Production of TBARS from brain tissue
Production of TBARS was determined using a modified method (Ohkawa et al., 1979). The mice were anaesthetized with chloroform, sacrificed by decapitation and the brain was quickly removed and placed on ice. One gram of brain tissue were homogenized in cold 100 mM Tris buffer pH 7.4 (1:10 w/v) and centrifuged. The homogenates (100 µl) were incubated with or without 50 µl of the freshly prepared oxidant (iron) and different concentrations of the plant extracts together with an appropriate volume of de-ionized water to give a total volume of 300 µl at 37 °C for 1 hr. The color reaction was carried out by adding 200, 500 µl, 500 µl each of the 8.1% Sodium dodecyl sulphate (SDS), acetic acid (pH 3.4) and 0.6% TBA respectively. The reaction mixtures, including those of serial dilutions of 0.03 mM standard MDA were incubated at 97 °C for 1 h. The absorbance was read after cooling the tubes at 532 nm in a spectrophotometer.
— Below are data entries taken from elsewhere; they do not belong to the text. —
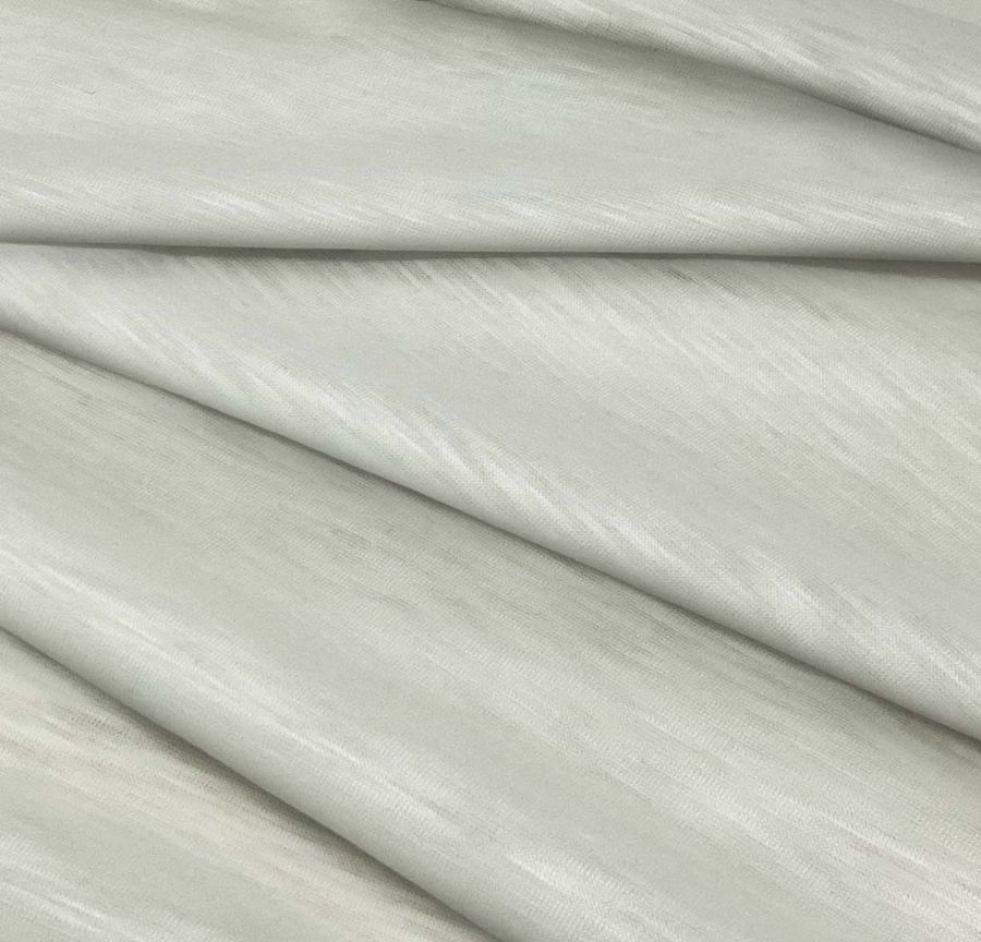 La tela base de este tejido es el Punto Camiseta Jaspeado - Dubái, una tela de punto lisa y elástica compuesta al 100% por poliéster, con un gramaje de 135 gr/m2 y un ancho de 160 cm. Su color liso impreso es Crudo-Ceniza Blanca, que se obtiene con una combinación de cian, magenta y amarillo en un CMYK de 16 9 23 0. Este color presenta una tonalidad grisácea y discreta, que combina especialmente bien con tonos fríos como el azul, el verde o el morado.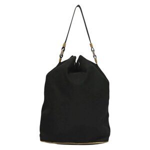 PRADA Hand Bag Nylon Black Gold Auth 132686V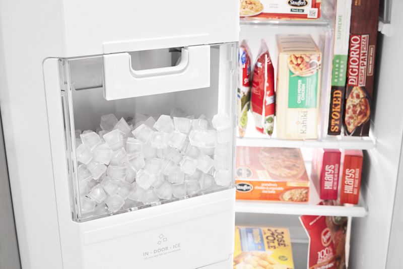 The Store-N-Door® ice dispensing system frees up shelf space in the freezer, creating more room for tall items on the shelf. Plus, the bin is removable, so it's perfect to use for filling large containers like blenders and coolers.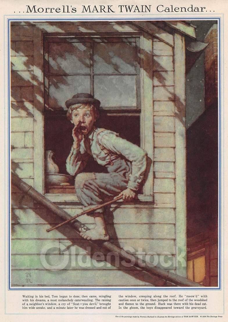 Huck Finn & Tom Sayer Sneaking Out Vintage Norman Rockwell Art Morrell Calendar Poster 1946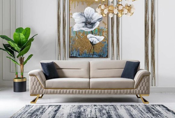 Egal, ob Sie sich entspannen, lesen oder einfach nur Ihre Lieblingsfernsehsendung genießen möchten, dieses 3-Sitzer-Sofa bietet Ihnen den idealen Rahmen dafür. Seine großzügige Sitzfläche und die gepolsterten Lehnen sorgen für maximalen Komfort und Gemütlichkeit.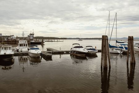 Burlington, Vermont - September 29th, 2019: View of Lake Champlain waterfront on a cool Fall day in Burlington, Vermont.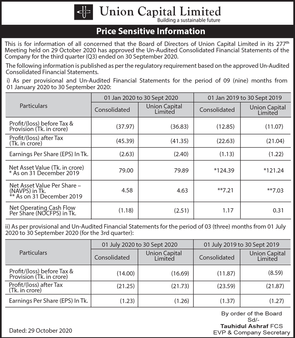 Price Sensitive Information for the First Quarter 2025 of Union Capital Limited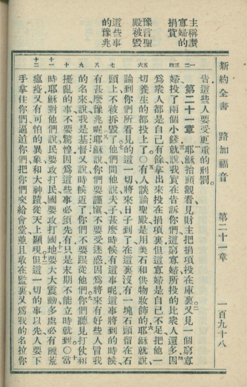 1936年新約全書 路加福音 21 章 1 節到 21 章 12 節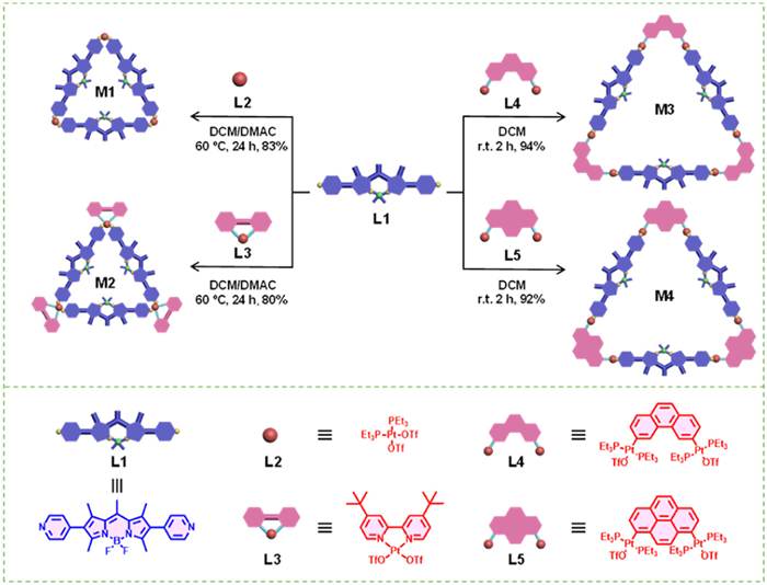 | Fig. 1. Schematic illustration of the coordination-driven self-assembly of triangular metallacycles M1–M4 and the chemical structures of building blocks L1–L5. | |

Antioxidant activity by DPPH radical scavenging
The antioxidant activity of the plant extracts were measured using the stable DPPH radical according to the method of Hatano et al., (1998). Briefly 0.25 mM solution of DPPH radical (0.5 ml) was added to the sample solution in ethanol (1 ml) at different concentrations (25–200 µg/ml) of aqueous extracts. The mixture was shaken vigorously and left to stand for 30 minutes in the dark, and the absorbance was measured at 517 nm. The capacity to scavenge the DPPH radical was calculated using the following equation: (%) scavenging = [(Ao -A1)/Ao)] × 100, Where, Ao is the absorbance of the control reaction and A1 is the absorbance of the sample itself. The IC50 values (Extract concentration that cause 50% scavenging) were determined from the graph of scavenging effect percentage against the extract concentration. All determinations were carried out in triplicate.
Total antioxidant assay
The assay was based on the reduction of molybdenum, Mo (VI)-Mo (V) by the extracts and subsequent formation of a green phosphate/Mo (V) complex at acidic pH (Prieto et al., 1999). The extracts at different concentrations (25–200 µg/ml) were mixed with 3 ml of the reagent solution (0.6 M H2SO4, 28 mM sodium phosphate and 4 mM amonium molybdate). The tubes were incubated at 95 °C for 90 mins. The mixture was cooled to room temperature and the absorbance of the solution was measured at 695 nm.
Metal chelating activity
The Fe(II) chelating ability of the aqueous extracts were determined using a modified method of Puntel et al., (2005).
Determination of Phenolics content
The total phenolics content as gallic acid equivalent was determined by the method of Singleton et al., (1999). The aqueous extract (0.5 ml) was added to 2.5 ml, 10% Folin-Ciocalteau's reagent (v/v) and 2 ml of 7.5% sodium carbonate. The reaction mixture was incubated at 45 °C for 40 minutes and the absorbance was measured at 765 nm in the spectrophotometer. Gallic acid was used as a standard phenol. The mean of three readings was used and the total phenol content was expressed as milligrams of gallic acid equivalents/g extract.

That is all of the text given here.